If you do want to stick a small-talk sentence on to the beginning, then keep it short, and don't worry about cracking the perfect one liner. It genuinely can't be worse than: 'I cannot conceive of a greater way to acquire an understanding of life than by studying the literature it inspires.' And they still interviewed me.
Channel British Reserve
I'm sure you've heard that Oxbridge look for rounded individuals. They don't. Founded back when people still put 'e' on the end of most words, these universities have had many centuries to learn from the doggedly reserved British who created them. Tutors look for students who are brilliant at their subject and it's a happy and irrelevant coincidence if you can play 'Fields of Gold' on the piano and do a downward dog in yoga.

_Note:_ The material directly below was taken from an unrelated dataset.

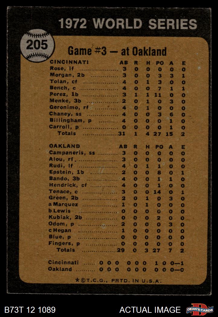 1973 Topps #205 1972 World Series - Game #3 - Reds Win Squeeker

Everything you mention on your personal statement that isn't specifically connected to your degree needs to have enriched the way you approach your subject. So if you can't work out a subject-relevant way to include that anecdote about your bravery in the face of The Duke of Edinburgh (both the challenge and the man), then don't.
Find a match online
Playing the numbers game and applying to a college you predict will be unpopular this year is spectacularly pointless. If you're good and your college is full they'll send you off somewhere else to meet tutors who might be interested in you (at Oxford this happens then and there, at Cambridge you'll go home and then get a letter saying you've been pooled). But you can save yourself the hassle of a hopeful pilgrimage to another college by trying to decide for yourself which tutors you might hit it off with.
Check out your tutors online, look at what they write about, and how they write. Ask yourself if their passions overlap with yours. I'm not saying that this strategy will work every time, but it would be daft not to have a digital perve on the academics you'll spend the next three years with. It's like match.com says: 1 in 5 relationships start online.
Apply To Other Universities
Please remember to select four other options; it really will take the pressure off a tad.